In other words, I’m going to take my toes. I’m going to move them to the inside of my leg. So toes to the knee, toes to the inside, dorsiflexion and inversion. Now from here, I’m going to simply begin to hinge forward from the waist. If you are really targeting the sural nerve and you have a problem there, you will likely already be feeling a small amount of tingling and ant-like sensation on the lateral side of the ankle and maybe across the lateral surface of the foot. That means that you’re right on target, all right.

So again, we’re here. Toes up, toes in. We hinge forward. Now, once we’re in this position, we need to do a little bit of flossing work. In other words,
we need to move the nerve through the tissue.
So the way that I normally like to have people do this, in the beginning, is to use the knee. So I get a little tension on the nerve, bend, the knee to take tension off straighten the knee to put tension on. So we’ll do that for five or six reps. And now, I’m going to go to my hip. For my hip,
I’m going to internally rotate and externally rotate my hip. It’s a little hard to maintain your foot position, but that’s what you need to do. And then, last but not least, I’ll come to my lumbar spine. So I’m now going to flex my low back. Extend my low back flex and extend.
Usually five repetitions. So five at the knee, five at the hip, five at the low back. After you’ve done that shake it out a little bit.

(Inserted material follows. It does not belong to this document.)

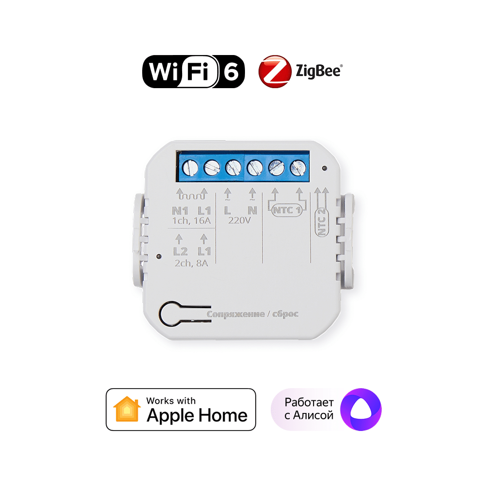 Wi-Fi 1 канал (16А) ,ZigBee 1 канал (16А) ,ZigBee 2 канала (по 8А) |
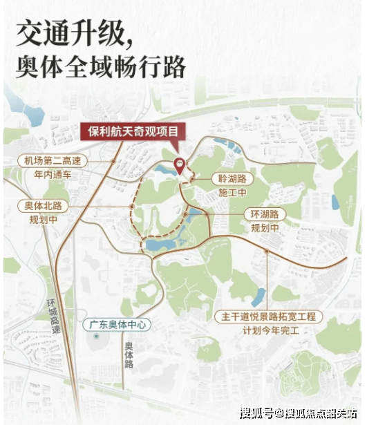 依托广州十五届全运会契机,政府总投资680亿元,实施80个道路项目建设,打通“六横七纵”交通主动脉,奥体板块路网全面升级,保利辰园湖境将直接享受交通升级红利,未来出行更加便捷。

And now we will finish this by coming back to the ankle, we’ll set up with a little tension on the nerve again. You should feel it. And now we’re simply going to reverse the foot position, toes to the outside, to take tension off, toes to the inside to put tension on. Out and in. Another five reps. When you do these neuromechanic drills as we call them, keep the tension low – think 3 out of 10, not ten out of ten. I don’t want you to injure yourself. I don’t want you to over-stretch the nerve. So, keep this very, very light and gentle. You should feel again, a small amount of nervy sensation of some type in the distribution of the sural nerve. If you don’t know where that is, look at some of our posts, check out other blogs or look it up on online. You should feel a little bit there. The goal here is to re-educate this nerve. Get it moving so that your brain can understand where your ankle is.

So, after you have done the sural nerve work, I highly recommend you stand up and start doing a little bit of balance work or grab a band and do some motor activity or motor activations for the ankle. The combination of that sensory and motor work is really one of the best things that you can do for that chronic ankle sprain or chronic achilles tendonitis issue.